At the end of the day I settled for a simple ratio-based test, which might not even be legal, but has some merit along the lines of an MLE approach to estimating transition probabilities directly. Given a subway line but independent of a check-in station, compute the sample probability of the neighboring station in one direction and the neighboring station in the other direction, based on all occurrences of check-ins at those stations. We’re not finding the estimates of moving to that station starting from another station directly, because we don’t have those numbers, but rather assume that how often someone checks in at a station $s_1$ at any time after a check-in at a neighboring station $s_2$, reasonably approximates the chances of someone coming from a neighboring station $s_2$ choosing to go there, at least compared to the same calculation for an alternative when passengers at $s_2$ can either go to stations $s_1$ or $s_3$.

In slightly more formal notation, the dots in the app move based on transition matrices

$ \begin{pmatrix} p_{11}\bf I_{11} & p_{12}\bf I_{12} & \ldots
\vdots & \ddots &
p_{K1}\bf I_{K1} & & p_{KK}\bf I_{12} \end{pmatrix} $

for line $L$ and hour $h$, with $L$ having $K$ station stops, $p_{mn}$ being the transition probability from station $m$ to $n$, and $\bf I_{mn}$ being the indicator for if $m$ and $n$ are neighbors.

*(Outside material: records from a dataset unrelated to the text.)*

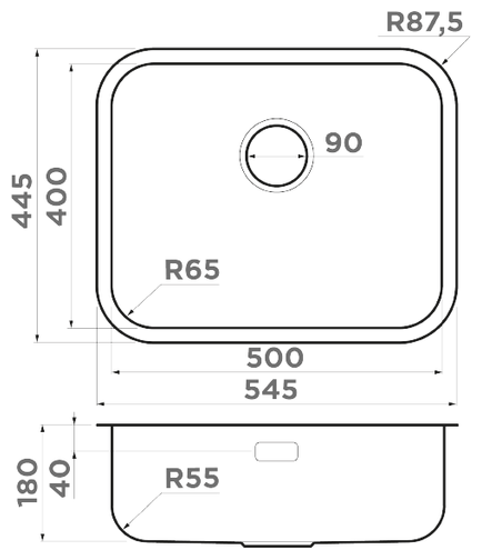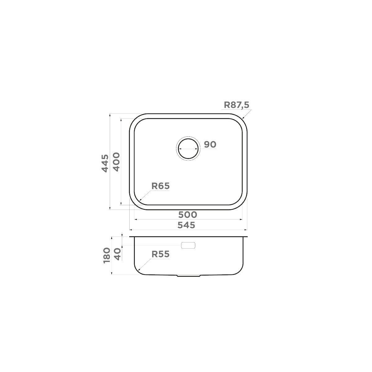 три варианта установки (монтаж вровень со столешницей, монтаж сверху на столешницу, монтаж под столешницу), толщина металла 0.8 мм, диаметр сливного отверстия 90 мм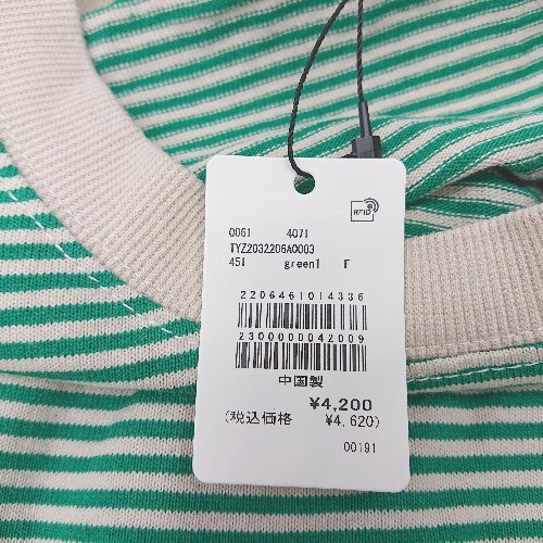 ◇ ⊂◎●未使用● CIAOPANIC TYPY ボーダー柄 長袖 Tシャツ サイズF グリーン アイボリー レディース E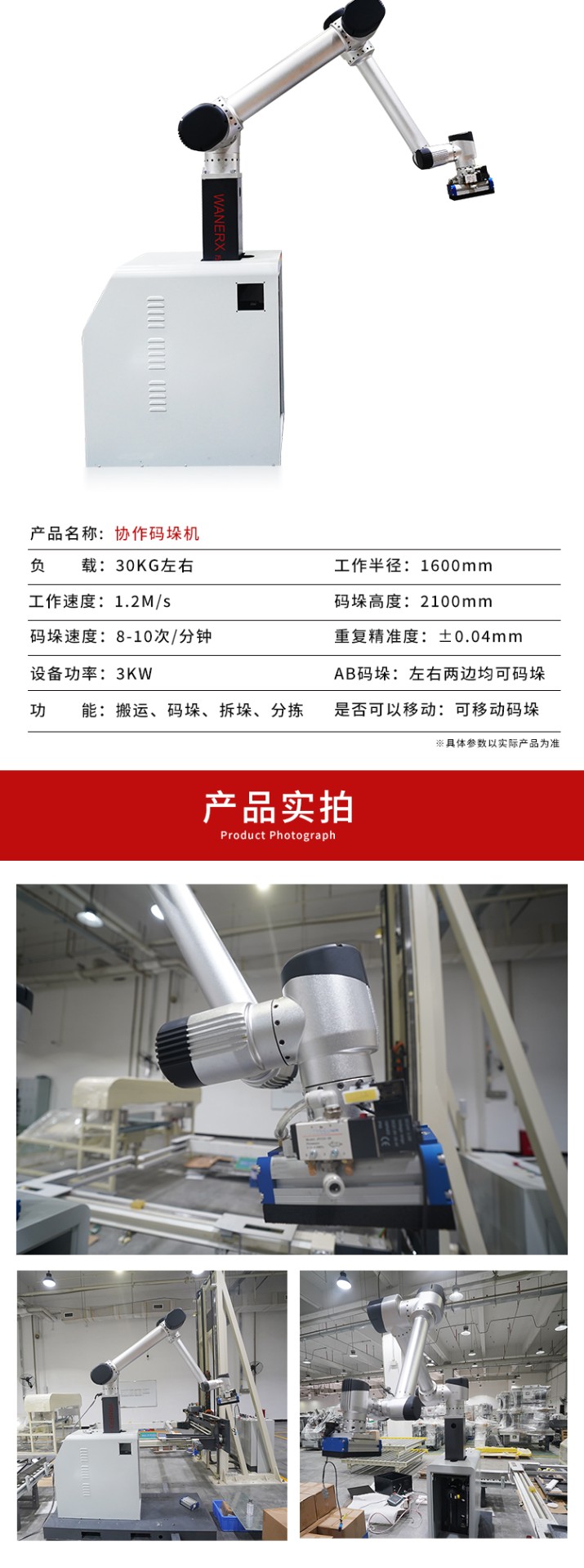 介紹:協(xié)作碼垛機(jī)器人是智能機(jī)器人,與人類工作人員緊密合作,提高生產(chǎn)效率、靈活適應(yīng)不同任務(wù)。配備傳感器,能自主學(xué)習(xí)、感知環(huán)境。廣泛應(yīng)用于紙箱、醫(yī)藥、食品等多個(gè)行業(yè)生產(chǎn)線。革命性提高生產(chǎn)線智能化程度,為工作人員創(chuàng)造更的工作環(huán)境。

And that’s it. These empirical probabilities were saved as JSON node and link values according to popular D3 paradigms. From here the majority of the actual front-end design was figured out through other examples, and there are probably many other tutorials out there that can explain things better on that end :).

Check out the visualization here, and code available here.


  1. GPS gives you the direction of the path from a satellite view, but from your perspective unless there are obvious landmarks you usually need to walk a bit and then note where you’ve moved from the birds-eye view to see if you’ve gone in the right direction. It’d be great if one could just immediately tell if they needed to turn around.